BRIEF:
Everything from the line containing "La fenêtre suivante" through the line containing "1992년 수도 방위" in the listing below should be copied exactly, and nothing more.

DATA FOR THIS TASK:
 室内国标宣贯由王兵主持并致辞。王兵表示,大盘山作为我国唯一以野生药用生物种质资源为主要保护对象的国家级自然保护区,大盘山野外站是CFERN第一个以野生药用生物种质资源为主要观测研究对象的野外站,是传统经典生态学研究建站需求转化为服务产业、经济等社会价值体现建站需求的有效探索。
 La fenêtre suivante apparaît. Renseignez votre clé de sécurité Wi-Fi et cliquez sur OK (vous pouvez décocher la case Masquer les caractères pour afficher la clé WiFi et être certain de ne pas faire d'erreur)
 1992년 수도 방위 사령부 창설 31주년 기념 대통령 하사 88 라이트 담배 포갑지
* * *
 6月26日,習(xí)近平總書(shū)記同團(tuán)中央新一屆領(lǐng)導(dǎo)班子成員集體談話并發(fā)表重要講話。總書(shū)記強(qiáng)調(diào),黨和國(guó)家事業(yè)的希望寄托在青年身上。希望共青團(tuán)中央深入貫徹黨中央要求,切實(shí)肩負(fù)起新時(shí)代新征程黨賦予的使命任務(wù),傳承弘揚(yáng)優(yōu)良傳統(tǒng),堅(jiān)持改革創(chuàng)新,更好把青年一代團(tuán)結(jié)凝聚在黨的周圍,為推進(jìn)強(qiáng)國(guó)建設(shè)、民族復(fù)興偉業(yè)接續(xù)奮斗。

FINISHED EXERCISE:
 La fenêtre suivante apparaît. Renseignez votre clé de sécurité Wi-Fi et cliquez sur OK (vous pouvez décocher la case Masquer les caractères pour afficher la clé WiFi et être certain de ne pas faire d'erreur)
 1992년 수도 방위 사령부 창설 31주년 기념 대통령 하사 88 라이트 담배 포갑지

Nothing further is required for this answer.